Machinery Overview
The monitored asset is a belt-driven centrifugal fan operating as part of a critical HVAC system in a pharmaceutical production plant.
This fan ensures controlled air circulation within the production area, maintaining cleanroom conditions and compliance with strict environmental and quality standards of the Pharma industry. Any unplanned stoppage would disrupt these conditions and may lead to production interruptions.

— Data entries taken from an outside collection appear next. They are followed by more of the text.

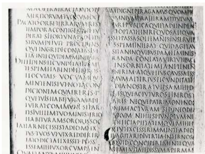
Laudatio Turiae II 24-43. Część fragmentów D i E. Obecnie część kolekcji znajdującej się w Villa Albani w Rzymie (repr. za: Wistrand)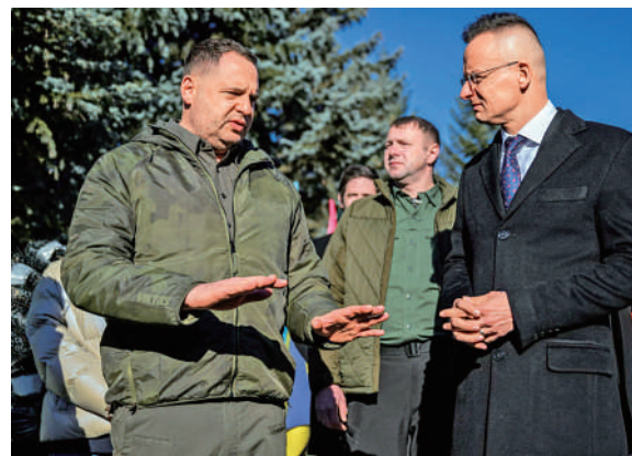
◀烏克蘭總統辦公室主任葉爾馬克1月29日與來訪的匈牙利外長西雅爾多（右）會晤。

此前回應稱：「歐洲人和美國人都很清楚（烏克蘭）的腐敗程度，他們知道有相當一部分資金被偷走了。這筆資金無法改變戰場進程，只會對陷入困難的歐盟經濟造成損害。」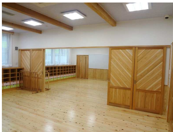
おおやまこども園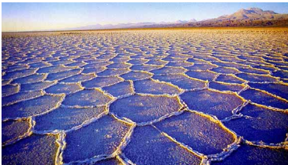
Il deserto di Atacama

Sempre nel deserto di Atacama, a oltre 5mila metri di altezza, è localizzata la piattaforma di osservazione dell' ALMA (Atacama Large Millimeter Submillimeter Array) dove verranno posizionate 66 mega-antenne connesse tra loro per produrre lo stesso effetto di un'unica antenna le cui dimensioni sarebbero tuttavia irrealizzabili. Hanno un diametro di 12 metri ciascuna e un peso (compresa struttura portante, rotori, meccanismi di puntamento e servocontrolli) di 100 tonnellate. Sono in grado di operare perfettamente anche in presenza di venti forti e temperature ostili. Attualmente sono installate e operative due antenne e si calcola che occorreranno circa 10 anni per completare l'intero 'parco'. La base operativa dell'osservatorio e i sistemi di calcolo sono localizzati più in basso, a 2.500 metri di altezza. La gestione fa capo ad un'organizzazione ( JAO : Joint Alma Observatory) di cui fanno parte il principale ente astronomico europeo ( ESO ), statunitense ( NRAO ) e giapponese ( NAOJ ). Il Cile, assieme ad altre aree in Argentina, Antartide, Marocco e Sudafrica è anche una delle possibili localizzazioni per l'installazione del prossimo European Extremely Large Telescope (E-ELT) dell'ESO, con un diametro dello specchio primario di 42 metri. ■

The system consists of an 11 kW, 4-pole electric motor running at 1500 RPM, driving the fan through a belt transmission. As a result, the fan operates at approximately 1630 RPM.
Due to its role in maintaining controlled production conditions, the fan must run continuously during operation. This makes early fault detection essential to avoid unplanned downtime and ensure maintenance can be planned without impacting production.
Monitoring Devices and Software Set-up
I-care reliability engineers installed Wi-care™ wireless vibration sensors on both the motor and the fan to enable continuous monitoring of the system’s mechanical condition.
The setup included two sensors on the motor and two on the fan, positioned to capture vibration behavior across the drivetrain and bearing locations.
The sensors transmitted data to I-see™, I-care’s PdM software. I-see™ automatically processes and categorizes incoming data to detect deviations from normal operating conditions and flag potential early signs of degradation.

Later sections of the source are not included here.